# Heating a Nano Shwimp Tank



## Sugar Cone (Jan 2, 2010)

Im finally getting to the point of thinking about getting the dwellers of the new tank. But how do I heat it? My tank is very small, and I dont want the heater to be so obtrusive so I would prefer to lay it down behind the hardscape. But then Ill have plants back there, and shrimpses walking around, and I wouldnt want to damage any of them... 

Can I bury it under the substrate? Will that heat the water, or just make the gravel too hot for the plants as theres not much circulation under there? Any help would be appreciated.


----------



## mindnova (Jan 22, 2008)

How about this
http://www.drsfostersmith.com/product/prod_display.cfm?c=3578+3743+12087&pcatid=12087
or this
http://www.drsfostersmith.com/product/prod_display.cfm?c=3578+3743+11371&pcatid=11371

I have no experience with them but I like the Hydor for a more even distribution of heat. I have had some problems with circulation and animals clumping :grouphug: where the heater is.


----------



## Sugar Cone (Jan 2, 2010)

The first one is intended to "raise your temp a few degrees" and there is no adjustment. The second still leaves me with all my heat under the substrate which is one of the things that Im trying to find out about. If I can keep it buried, I wont need to buy anything, I can just bury my heater.

Thanks though.


----------



## NatalieT (Mar 20, 2007)

Sugar Cone said:


> Im finally getting to the point of thinking about getting the dwellers of the new tank. But how do I heat it? My tank is very small, and I dont want the heater to be so obtrusive so I would prefer to lay it down behind the hardscape. But then Ill have plants back there, and shrimpses walking around, and I wouldnt want to damage any of them...
> 
> Can I bury it under the substrate? Will that heat the water, or just make the gravel too hot for the plants as theres not much circulation under there? Any help would be appreciated.


Does it really need a heater? Check the temperature in the room it would be in, and what the creatures need. I think I've read that different kinds of shrimp do better in different temperatures, so maybe you could pick one that would be OK without a heater. Of course, if the room temperature varies between 60 and 80 degrees that could be a bit hard


----------



## Sugar Cone (Jan 2, 2010)

Well, not all the way to 80 but from 65 - 75 or so. Maybe as high as 80 in the summer.


----------



## Andy Ritter (Nov 26, 2008)

I saw this thread recently and thought that AquaDean had a pretty cool idea. He hasn't updated it in awhile so I don't know how it performs. That would get the heater completely out of the tank.

Just a thought.

Andy


----------



## AquaDean (Oct 29, 2009)

I still think that the Catalina 50 watt Titanium heater is one of the best fully adjustable heaters for a nano tank. It is small and can be mounted in any position. I wouldn't bury any heater that is not meant to be buried as it could cause in to not function correctly. 

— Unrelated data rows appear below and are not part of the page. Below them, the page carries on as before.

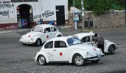 Taxco lies along Mexican Federal Highway 95 and the toll road Mexican Federal Highway 95D. Taxco has two long-distance bus stations: the Terminal Estrella de Oro in the south and the Autobuses Estrella Blanca station in the northeast. There is no airport in Taxco. Transport within Taxco is generally by taxi, or "Kombis"—converted Volkswagen vans that serve as minibuses.[16]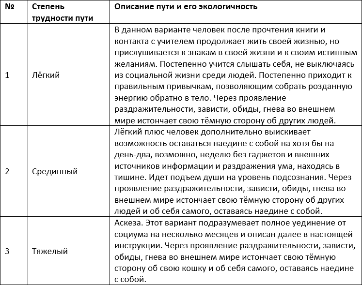 Тяжёлый путь показан только для человека с душой с соотношением света и тьмы 90/10. При меньшем соотношении уровня света рекомендуется сначала истончить свою теневую сторону до этого уровня за счёт прохождения через жизненные события/испытания, проработку страхов, наведение порядка в своей жизни. Важным является соблюдение безопасности – при попытке пройти с уровня 50/50 сразу в аскезу высока вероятность шизофрении.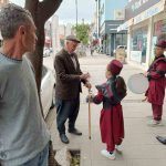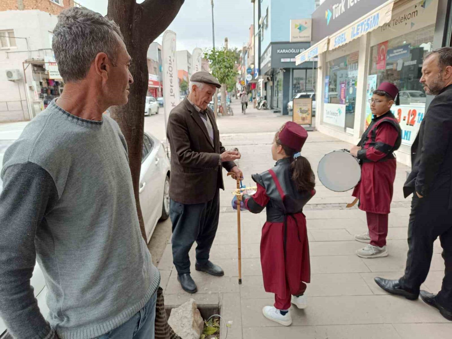 Adana’da bir grup ilkokul öğrencisi, Marif’in Kalbinde Ramazan etkinliği kapsamında ellerinde teflerle sokağa çıkıp ilahiler söyledi.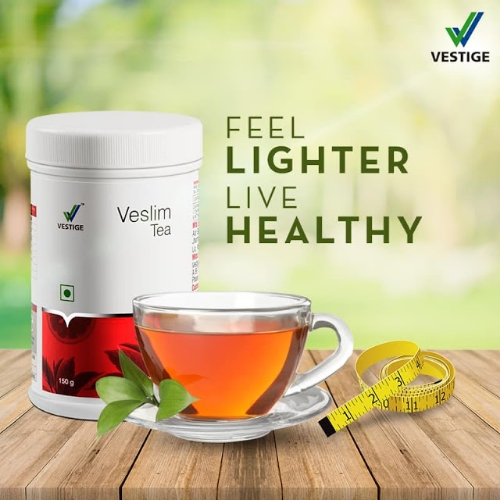 Vestige Veslim Tea is a low-calorie health drink made from green tea, green coffee beans, and Garcinia cambogia extract. It helps boost metabolism, supports fat burning, and keeps you energized throughout the day. With a refreshing honey-lemon flavor, it serves as a healthier alternative to regular tea or sugary drinks. Mix about one teaspoon (5 g) in hot or cold water for a revitalizing beverage. It contains natural caffeine, so consumption should be moderate and combined with a balanced diet and exercise for best results.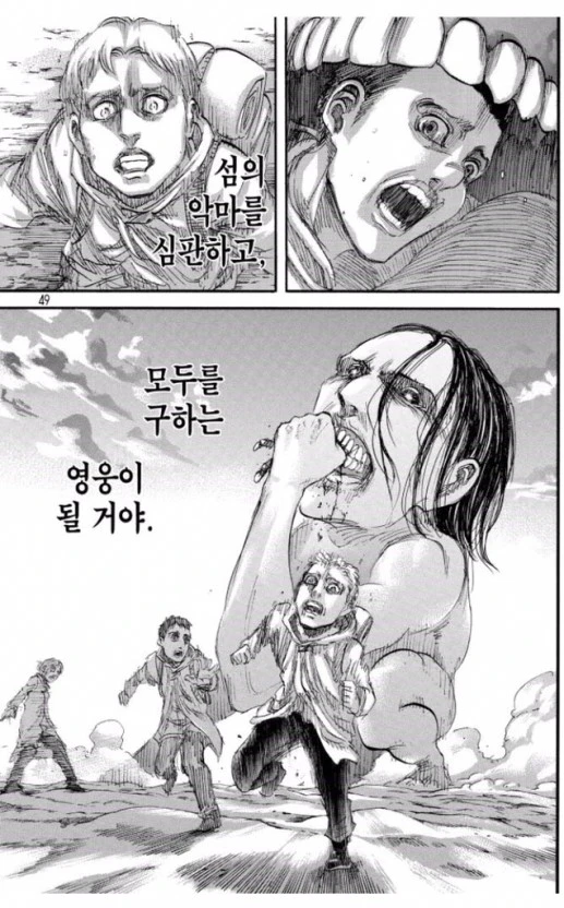 후자는 인간에게 부여된 원죄와 닮아 있다. 우리의 역사를 돌아보면, 분명히 악인은 죽고 어떤 시절은 지나감에도 비극은 반복돼왔다. 거인을 계승하지 않으면 새로 태어날 누군가에게 거인의 힘이 부여된다는 설정은 뿌리뽑을 수 없는 세상의 악하고 잔혹한 부분이 자연법칙처럼 존재함을 보여준다.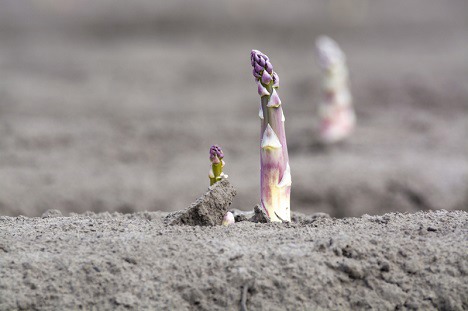 Aunque produce espárragos blancos en túneles, Laurent Bouillard también cultiva violetas para el mercado local. "El espárrago violeta es muy popular en la Provenza, desde Marsella hasta Aviñón. Por eso lo cultivamos sin lona, para que pueda adquirir ese hermoso color violeta antes de volverse verde. El espárrago violeta, también llamado falso verde, es en realidad la etapa intermedia en la evolución del espárrago blanco al verde. Es el mismo espárrago que permanece blanco cuando se cultiva bajo una lona y se colorea gracias a la luz del sol".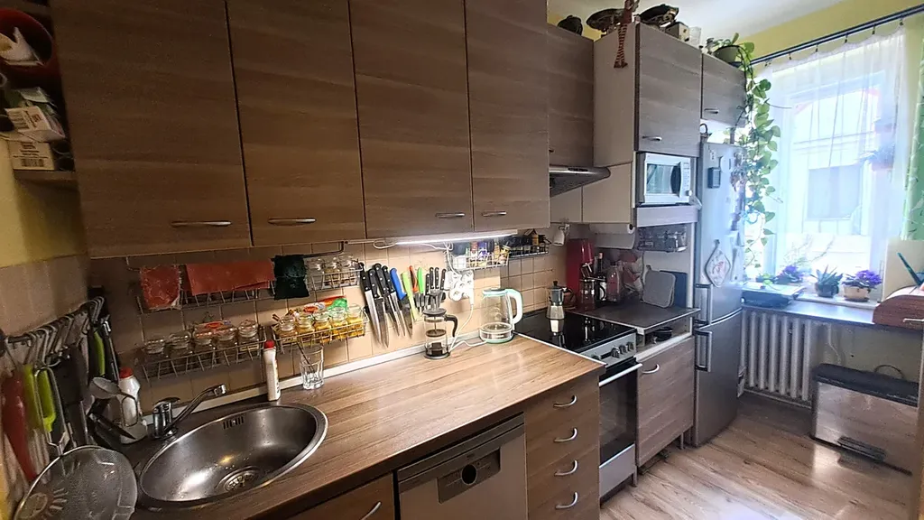 Nabízíme k pronájmu průběžně rekonstruovaný , částečně zařízený byt ( kuchyňská linka, skříň v předsíni, patro na spaní ) 2+1, 53m². Je umístěn ve 2. patře cihlového domu, kuchyň, spíž a jeden pokoj jsou orientovány do tiché ulice , druhý pokoj je orientován do zeleného vnitrobloku ( dům je ve svahu, tento pokoj je proto na úrovni třetího patra). Dispozičně je byt rozdělen na předsíň ,kuchyň, spíž, 2 pokoje a koupelnu s WC . Byt je po částečné rekonstrukci . Vytápění je řešené plynovým kotlem, kuch. linka je doplněna spotřebiči ( sporák, digestoř, lednice). Jde o útulný , světlý byt ve vyhledávané lokalitě. K bytu patří velký sklep 3m². Lokalita má veškerou občanskou vybavenost. Pro více informací kontaktujte přímo makléře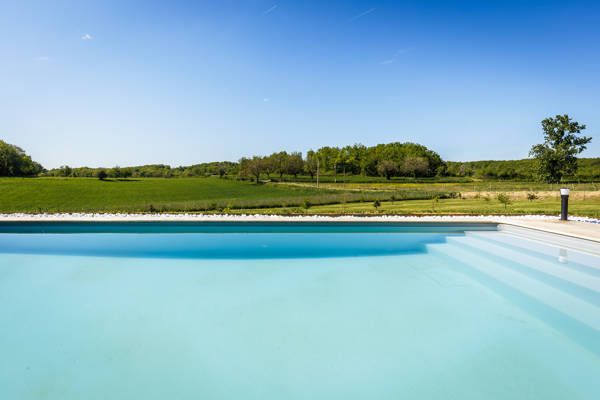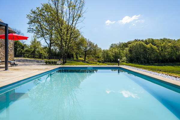 La piscine était magnifique et propre (le carrelage autour était d'une belle matière). Et avec la vue – nous avons même eu la visite de cerfs – nous reviendrons sans hésiter.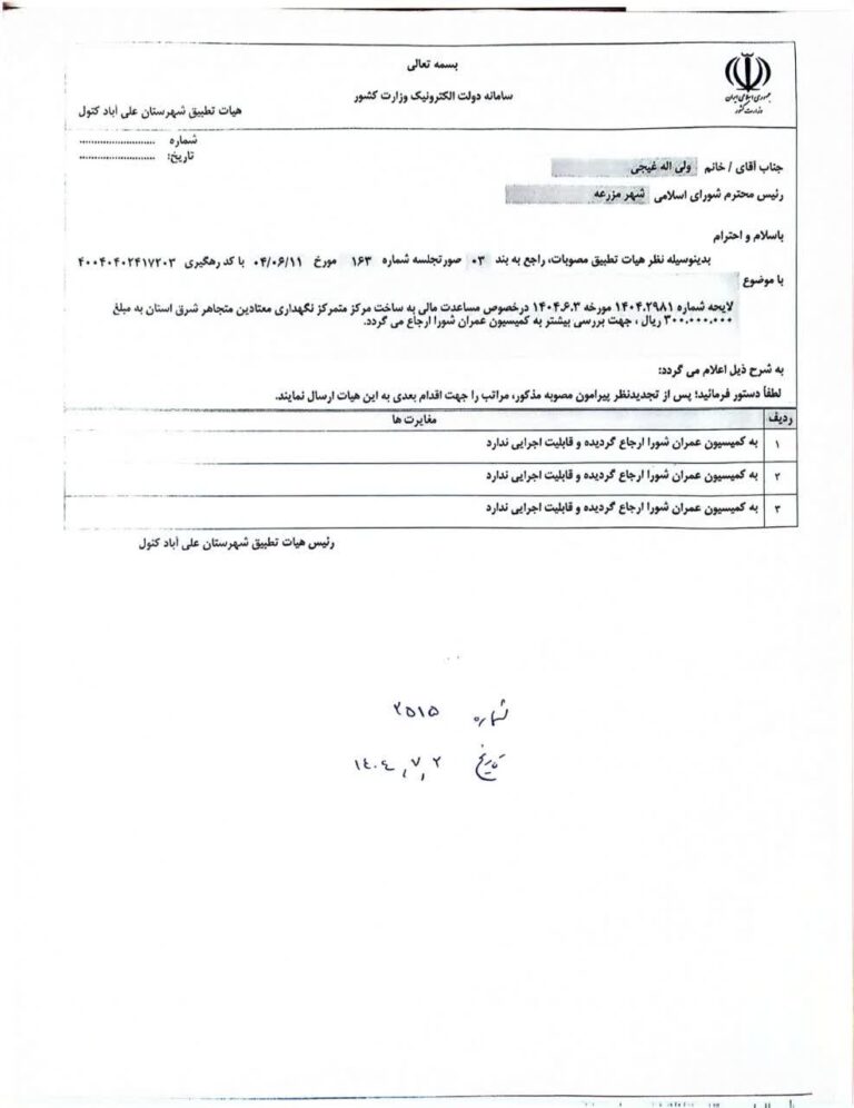 تعرفه عوارض و بهای خدمات ۱۴۰۵ به شهرداری ابلاغ شد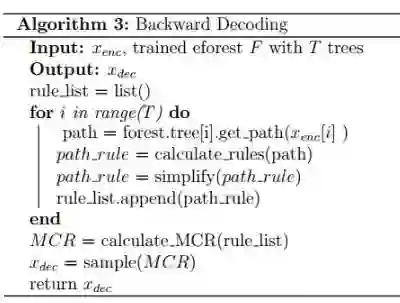 现在,我们可以总结 eForest 的后向解码过程。具体来说,给定一个已训练的森林和特定数据在 R^T 中前向编码的 x_enc,后向解码将首先通过 x_enc 中的每个元素定位独立的叶结点,然后获得对应决策路径的 T 个决策规则。随后通过计算 MCR(Maximal-Compatible Rule),我们能从 x_enc 反推回输入空间中的 x_dec,因此也就得到了重构。后向解码的伪代码如下所示:

My little DIY heater module works great but I have not had the time to hook it up to a tank yet. Other priorities keep getting in the way but soon I will and then will give the full report back.


----------



## Sugar Cone (Jan 2, 2010)

Thanks for the heads up, Andy.. And thanks for the update, AD. Ill stay tuned to your thread.


----------



## James He (Aug 24, 2009)

Heating cable underneath gravel should work, but you may need controller.


----------



## mikaila31 (Feb 24, 2006)

I've never heated my 1gal water area in my paludarium. Room temp swings from 63-68 daily and sometimes down to 60. Cherry shrimp seem to be fine in this.


----------



## paleopaque (Jun 23, 2009)

How big is your tank? I have the Hydor nano heater (7.5 watts I think) in one of my 1.5g nanos and it works great! Also burried under gravel so there's no unsightly heater in such a small tank. My room is always about 65 degrees, and it's enough to raise the temps by 5 degrees or so. Never had a problem with it being a fixed temp...


----------



## Sugar Cone (Jan 2, 2010)

Mine is a four gallon tank. 12" x 8" and 10" high.


----------